If they are anonymous like this, it's easy and intuitive to ensure this with the existing coherence rules for global implementations, just applied to one scope at a time. It also makes it clear 'what' is applied 'to what' every time they are in scope, and the uniqueness means that the module can be used as name in error messages (which would have to mention the trait and type separately anyway, in my opinion).

Second, the explicit subsetting in the imports is required for coherence. If you import an implementation by a name instead of subsetting it, then it is a breaking change for the implementing crate to broaden that implementation. I would like to avoid this since broadening an implementation is non-breaking under existing coherence rules (because the rules for blanket implementations prevent those that may potentially overlap in the future that way).

That said, I'm very open to syntax suggestions. Acquaintances have told me that the use module::{impl Trait for Type}; syntax is intuitive, but that the use impl Trait for Type { /*...*/ } in definitions feels odd. use is just the closest existing keyword that felt somewhat right to me there, though it does very subjectively rhyme nicely with the imports.

I didn't want to dig up override since that feels… very… dynamic dispatch-y, but that exists too.

I actually missed something in that regard completely in my first draft (see this earlier post), so some of that is upcoming. That said, two HashSet<T>s that were created with distinct T: Debug implementations are incompatible (but nicely mixable in the same scope!) types under this proposal. I don't think that there's any way around that really, without having the compiler do thorough data flow analysis or introducing a large number of coherence footguns.

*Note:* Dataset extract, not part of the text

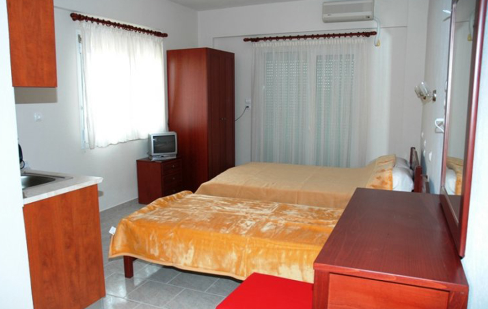 Opis: Vila Tasos u ponudi ima dvokrevetne, trokrevetne i četvorokrevetne studije na visokom prizemlju i drugom spratu. Sve smeštajne jedinice poseduju opremljen kuhinjski deo, kupatilo, terasu, TV, klima uređaj (uz doplatu na licu mesta od 7€ dnevno).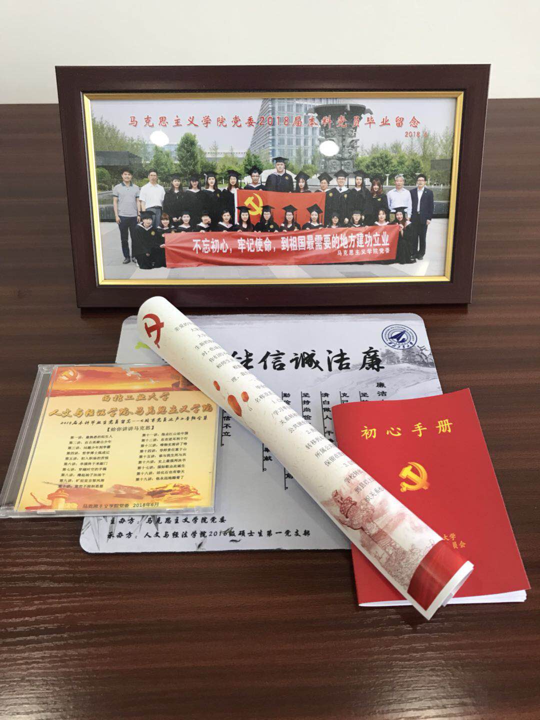 会场里,在每名党员的座位前,都摆放着一个精致的党员“毕业大礼包”。会议伊始,曹良玉先向大家详细介绍了学院党委为毕业生党员精心准备这份大礼,有学院微信平台“周末党员之声”栏目中最新专题《给你讲讲马克思》的系列语音故事光盘,有摘录了党员义务、权利以及组织生活相关知识,用于提醒党员严格自律、履行义务的初心手册,有精心装裱的毕业生党员合影和党员廉洁自律教育鼠标垫,以及学院党委写给毕业生党员的一封情真意切的“家信”。

That said, the compiler should be able to warn you if you're about to run into this issue to a large extent, since it can immediately tell when a non-public implementation is captured in a public alias or signature. Using scoped implementations within functions is also less tricky, since you can be sure it won't show up in public items.

As for type-erased value-keyed collections, those will be able to make that distinction based on the bounds of their type parameters to show expected behaviour, but this additionally requires permission to transmute specific newly-distinct types as long as this isn't observed by implementation bounds. (I have a proper writeup about how this works in my draft and should have that published soon. There's a tradeoff of this that needs an impact analysis.)

Overall I also added a few more examples and rewrote much of the section(s) on type identity to be clearer.
I still want to revise one more section tomorrow (and then need to go through everything one more time to make sure it's consistent and actually compiles/would compile), but in my eyes it's already a good incremental improvement and I should be able to publish the update fairly soon.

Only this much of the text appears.